BMJ 2021; 372 doi: https://doi.org/10.1136/bmj.n421 (Published 18 February 2021) Cite this as: BMJ 2021;372:n421

Read our latest coverage of the coronavirus outbreak

  1. Chris Baraniuk, freelance journalist
  1. Belfast
  1. chrisbaraniuk{at}gmail.com

Chris Baraniuk explains the elements that have made the UK’s vaccination programme a front runner globally and describes the hurdles that lie ahead

It looks like a world beating performance—the United Kingdom has administered more covid-19 vaccine first doses per 100 people (19) than any other nation of comparable population size.1

At the time of writing, 12 million people—roughly as many as the entire population of another vaccine front runner, Israel—have received their first dose of either the Pfizer-BioNTech or Oxford-AstraZeneca vaccine. Daily reports indicate that, on some days, more than half a million people have received a dose.

The government seems reasonably well placed to hit its target of giving 15 million people their first dose by mid-February. But the full story of the vaccination programme shows bumps in the road as well as successes.

Head start

The UK became the first country in the world to approve a covid-19 vaccine for emergency use in early December. But the groundwork was laid nearly a year earlier, when the Department of Health and Social Care reportedly began planning a mass vaccination programme before confirmation of the first covid-19 case in the UK.2 Meanwhile, the Oxford University scientists who would go on to develop a vaccine began meeting to discuss it in January 2020, before the World Health Organization (WHO) had even come up with the name covid-19.3 They were already working on a prototype vaccine against the coronavirus that causes MERS and reasoned that they would be able to adapt the chimpanzee adenovirus vector they were using to confer protection against SARS-CoV-2.

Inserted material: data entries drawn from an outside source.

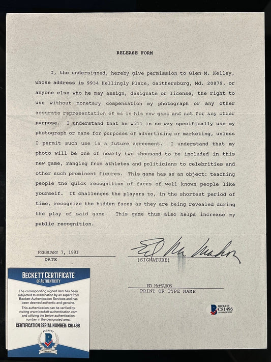 Face to Face Board Game Celebrity Autograph- Ed McMahon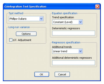 ±âÁ¸ÀÇ Johansen °øÀûºÐ °ËÁ¤À» º¸¿ÏÇϱâ À§Çؼ EViews 7¿¡¼´Â Engle and Granger(1987)¿Í Phillips and Ouliaris(1990) ÀÜÂ÷±â¹Ý °ËÁ¤, Hansen¡¯s(1992b) ºÒ¾ÈÀü °ËÁ¤°ú Park¡¯s(1992) Ãß°¡ º¯¼ö °ËÁ¤À» Áö¿øÇÕ´Ï´Ù.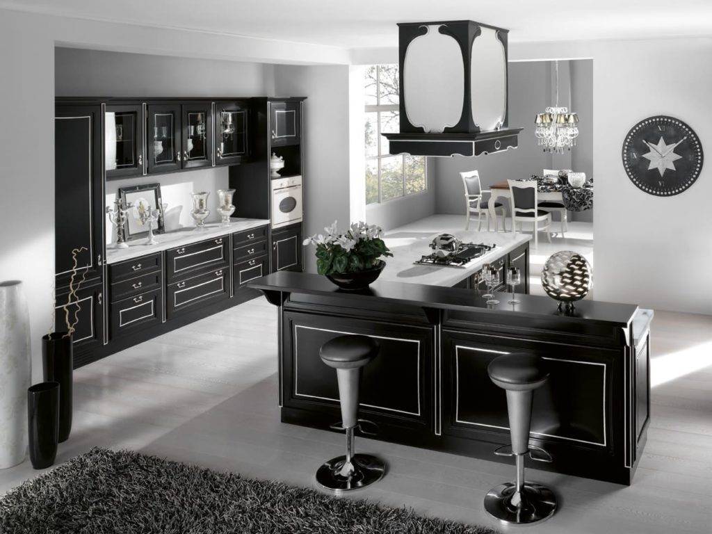 Отделить кухню можно посредством стеклянных перегородок в черных рамках или деревянной колонны с балкой на потолке. Другой вариант разделения — это барная стойка, но исключительно из дерева со столешницей натурального цвета.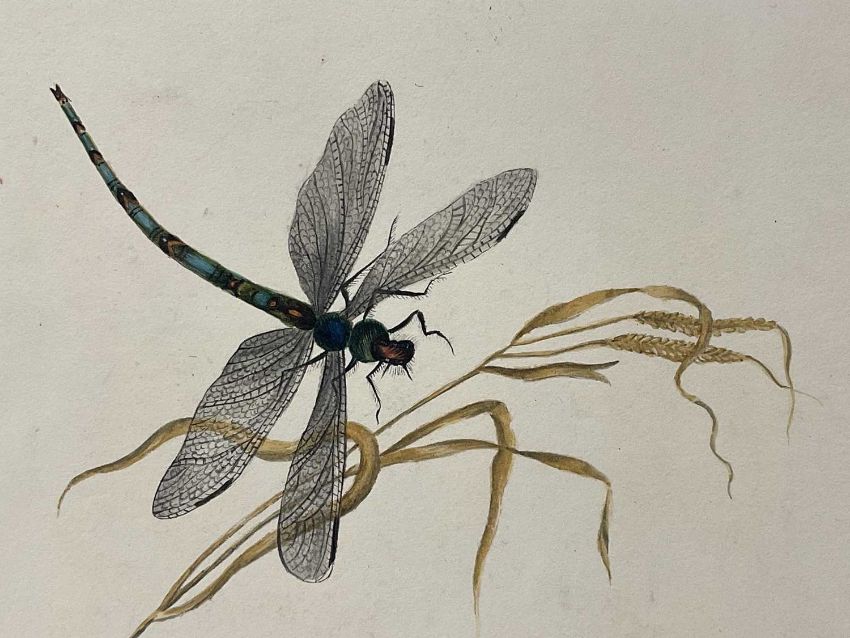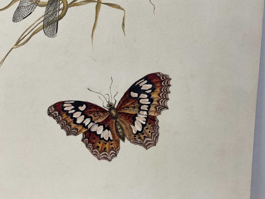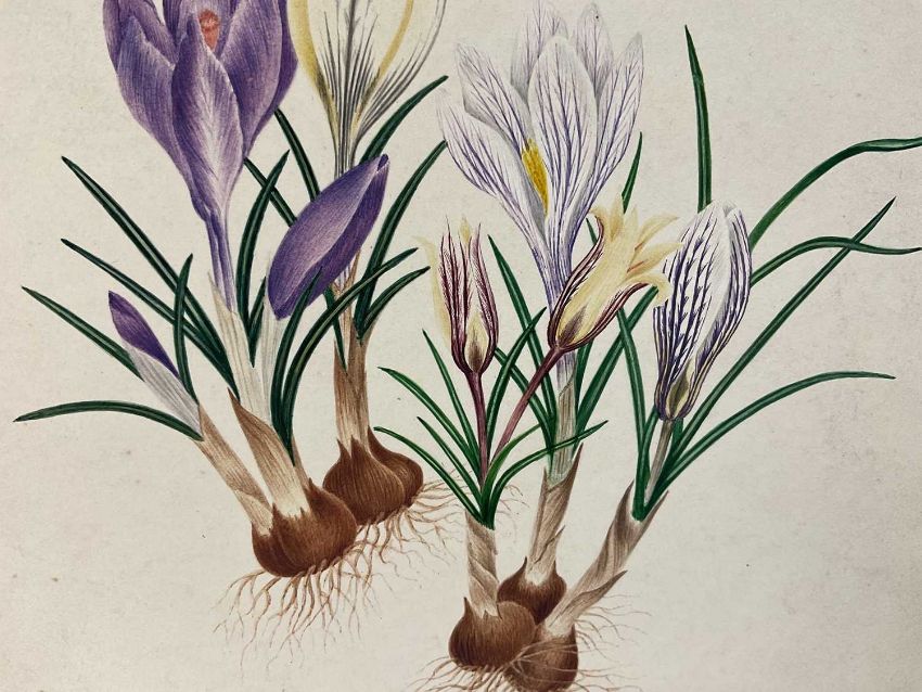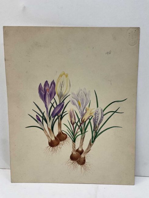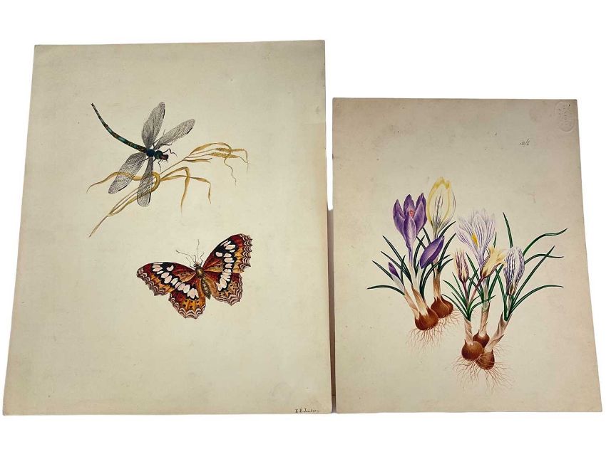 English school 19th century, watercolour depiction of crocuses, 23 x 18cm, together with another of a butterfly and dragonfly. (2)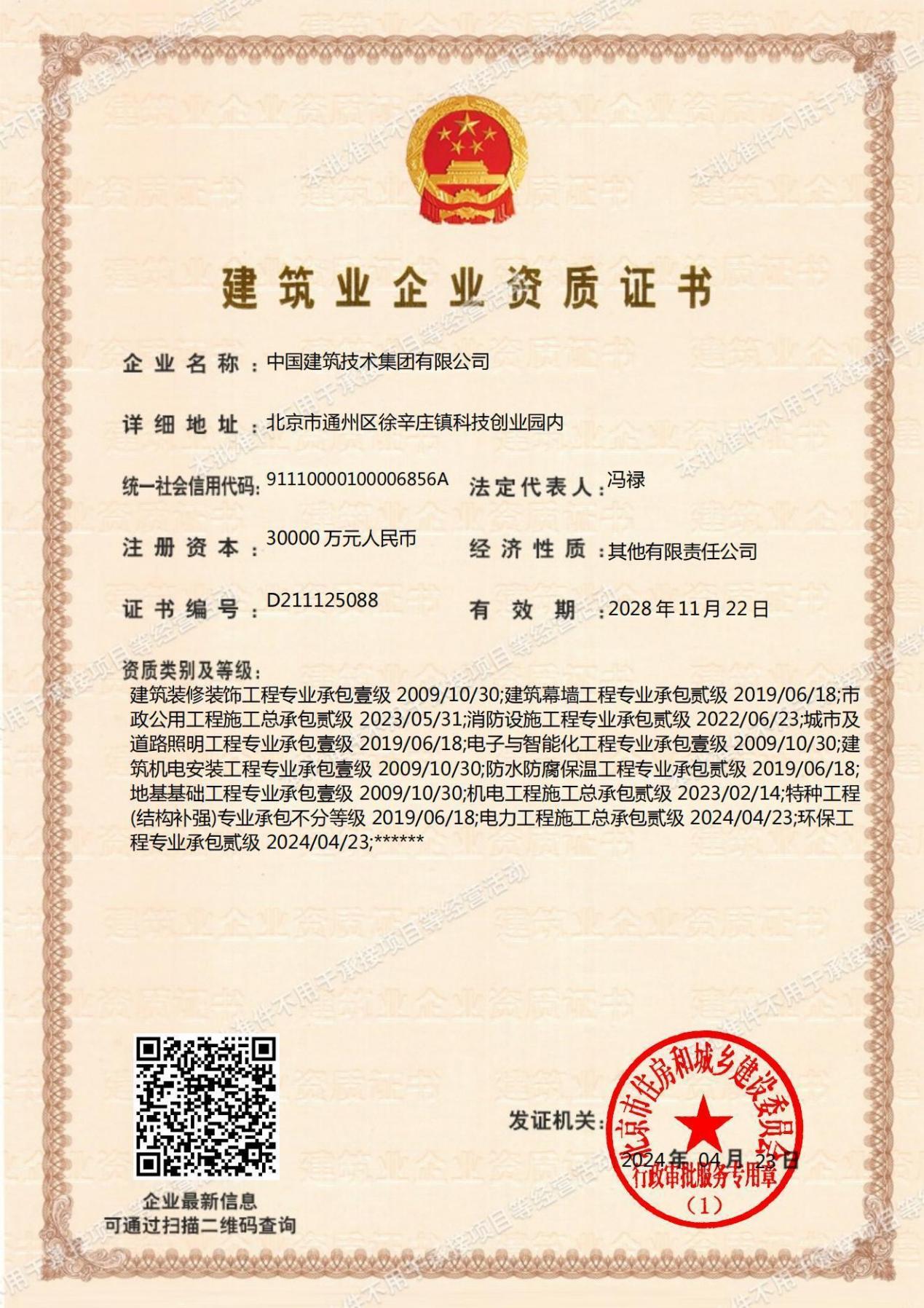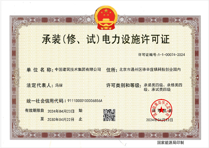 4月23日,經北京市住房和城鄉建設委員會、國家能源局華北監管局核準,中國建技申報的電力工程施工總承包貳級、環保工程專業承包貳級、承裝(修、試)電力設施許可證(四級)三項資質成功獲批。

Just five months later, in June 2020, the UK signed a contract for 100 million doses of the Oxford-AstraZeneca vaccine.4 A separate deal securing access to 30 million doses of the Pfizer-BioNTech vaccine was announced the next month. This was increased to 40 million doses in October.5 “They’ve got ahead on ordering vaccines and they’ve got [the doses in hand] to give,” says Simon Clarke, associate professor in cellular microbiology at the University of Reading. “It’s as simple as that.”

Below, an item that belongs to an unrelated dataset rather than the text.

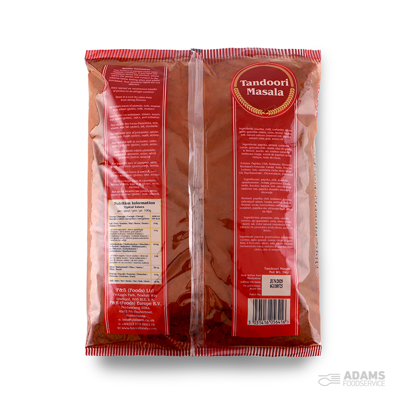 Spices (Ground Paprika, Chilli Powder, Ground Coriander, Ground Cumin, Garlic Granules, Ground Cassia, Ground Cloves, Ground Fennel), Ground Bay Leaves, Salt, Natural Colours (Beetroot Red, Paprika Extract), Acid (Citric Acid), Lemon Oil.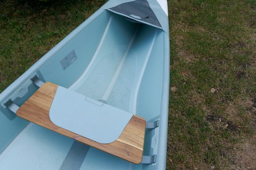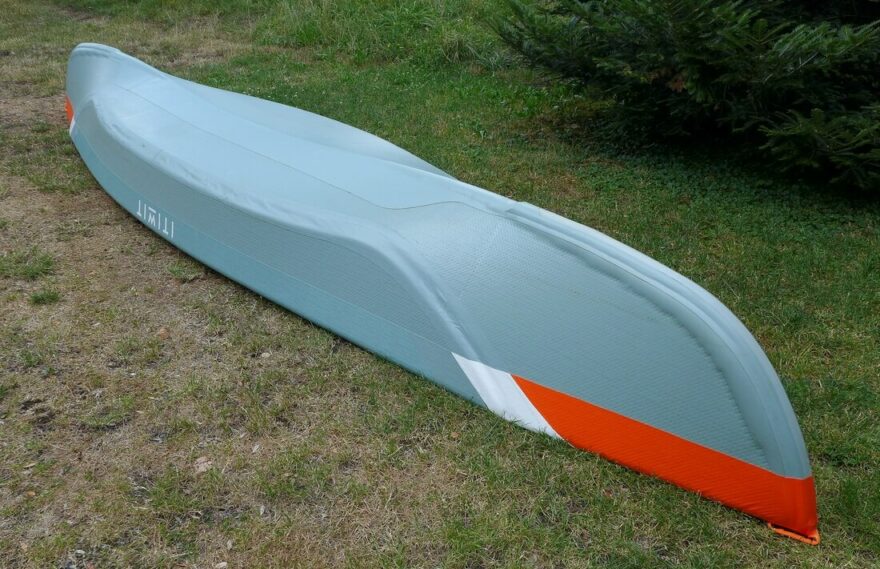Konstrukce kánoe je na standardy drop-stitch nafukovaček dost neobvyklá. Nejedná se totiž o tvar „maňásek“, který využívá drtivá většina jiných výrobců, ale spíše o tvar „kánoe indiánky“. Dno je uprostřed lodě téměř ploché, ale směrem ke špicím se postupně zavírá do tvaru ostrého V. To má za důsledek vytvoření dvou „kýlů“ pod přední a zadní špicí. Ty v součtu tvoří skoro dvě třetiny délky lodě. Oba tyto kýly jsou kryté litou gumou, aby se zde materiál neprodřel. Přímo ve špicích je pak drop-stitch komora tvořící dno ohnutá takovým způsobem, že sahá až k přední, respektive zadní palubě. Přišlo mi až neuvěřitelné, jakým způsobem dokázal výrobce drop-stitch materiál natvarovat. Za mě opravdu klobouk dolů, tudy nepochybně vede další cesta kupředu. Komory tvořící borty jsou tvarované výrazně méně a vlastně jen uzavírají kánoi od jedné paluby k druhé, plus drží sedačky.

Pascal Soriot, chief executive of AstraZeneca, has said that the early orders were a reason why deliveries to the UK have not been held up in the same way as those to the European Union. Batches of vaccine must be made up months in advance, and because cell cultures are used in the manufacturing procedure, the exact yield is unknown until each process is complete. The UK’s deal was struck three months before the EU’s, so its batches were set in motion earlier and separate to those earmarked for the EU, the yield of which turned out lower.6

The UK’s hefty vaccine orders were made in part thanks to the 2011 film Contagion. Health secretary Matt Hancock was spooked by the ending of the film, in which countries ravaged by a respiratory disease are left fighting for a limited number of vaccine doses. He insisted on ordering 100 million Oxford-AstraZeneca doses despite receiving advice to order a mere 30 million.

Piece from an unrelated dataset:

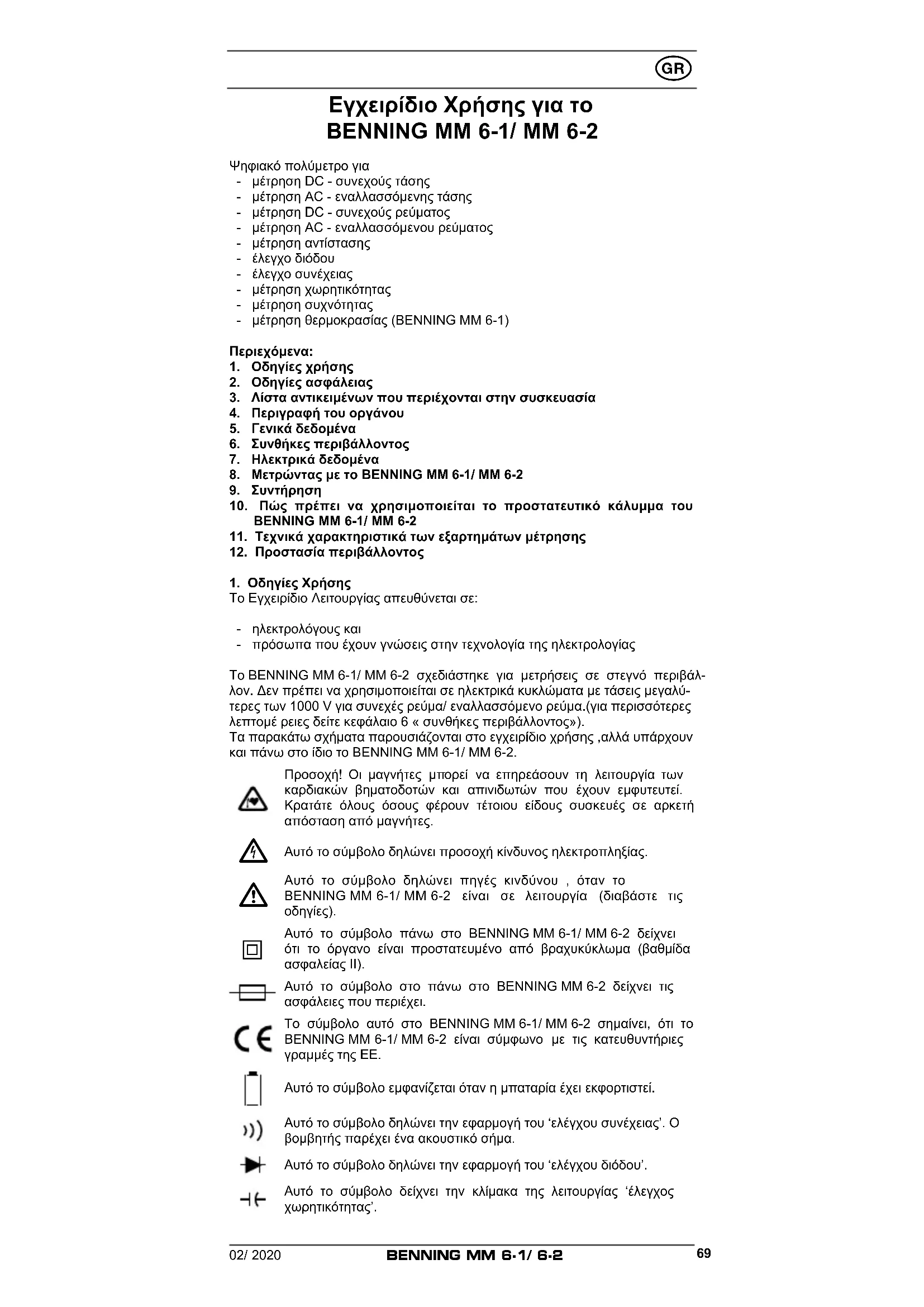 Αυτό το σύμβολο πάνω στο BENNING MM 6-1/ MM 6-2 δείχνει ότι το όργανο είναι προστατευμένο από βραχυκύκλωμα (βαθμίδα ασφαλείας ΙΙ). Αυτό το σύμβολο στο πάνω στο BENNING MM 6-2 δείχνει τις ασφάλειες που περιέχει. Το σύμβολο αυτό στο BENNING MM 6-1/ MM 6-2 σημαίνει, ότι το BENNING MM 6-1/ MM 6-2 είναι σύμφωνο με τις κατευθυντήριες γραμμές της ΕΕ. Αυτό το σύμβολο εμφανίζεται όταν η μπαταρία έχει εκφορτιστεί. Αυτό το σύμβολο δηλώνει την εφαρμογή του ‘ελέγχου συνέχειας’. Ο βομβητής παρέχει ένα ακουστικό σήμα. Αυτό το σύμβολο δηλώνει την εφαρμογή του ‘ελέγχου διόδου’. Αυτό το σύμβολο δείχνει την κλίμακα της λειτουργίας ‘έλεγχος χωρητικότητας’.02/ 2020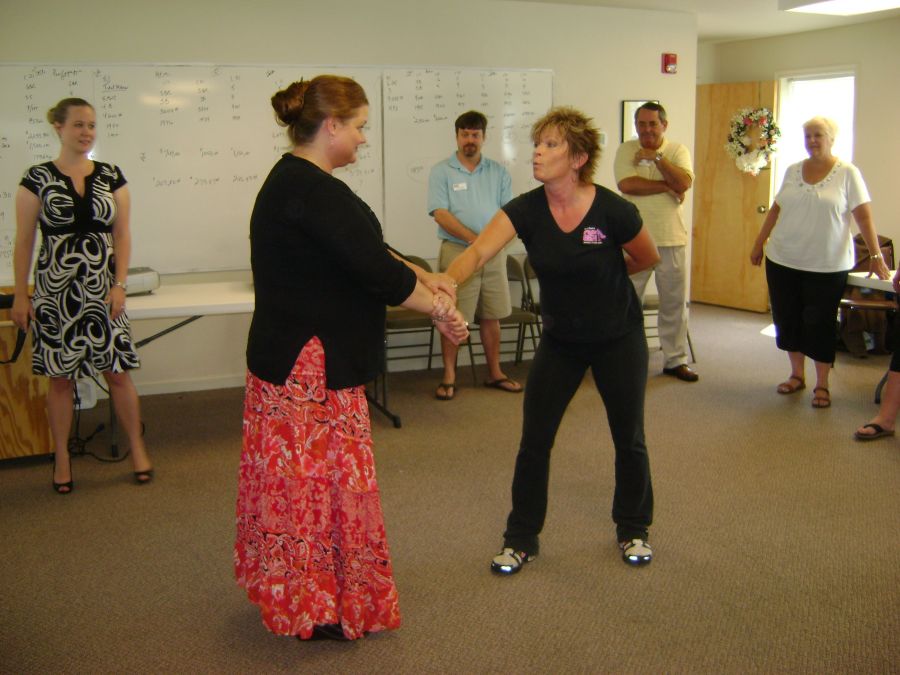 During the 2 hour seminar, Kym taught members of the Sun Realty staff several defense moves, including “Baby Don’t Leave” and “Talk to the Hand”. The catchy names of these defense moves are not to discredit or make a light of, but for individuals to remember easily. She also gave some great tips on getting into the car safely and what to teach children if they are approached by a potential abductor.

The UK government’s vaccines taskforce, set up by chief scientific adviser Patrick Vallance and led by venture capitalist Kate Bingham, was established to help accelerate the acquisition and distribution of vaccine doses. Bingham’s appointment attracted scrutiny because she does not have a background in vaccine development and is married to a Conservative Party minister. Nonetheless, Hancock cited her “excellent track record in the biotech industry” and “vast experience working with drug and therapeutic discoveries” as reasons for appointing her, given her long running business connections to the likes of BioNTech’s chief business officer, Sean Marett.

Since May 2020 the taskforce, consisting of experts in science, technology, and logistics, has secured orders from seven different vaccine manufacturers—a total of 400 million doses or enough to vaccinate the entire UK population three times over. In an interview with La Repubblica7 Bingham said that her team placed emphasis on sourcing vaccines that could be used as early as 2020. “We weren’t choosing vaccines on the basis of being cheap [but on] being effective and available quickly,” she said, adding that they favoured Pfizer-BioNTech over Moderna because of the supply chain to European countries (Moderna had prioritised US supplies), knowing that initial stocks would be limited. Still, it was a gamble at a time when no vaccine had been found to be effective against the virus.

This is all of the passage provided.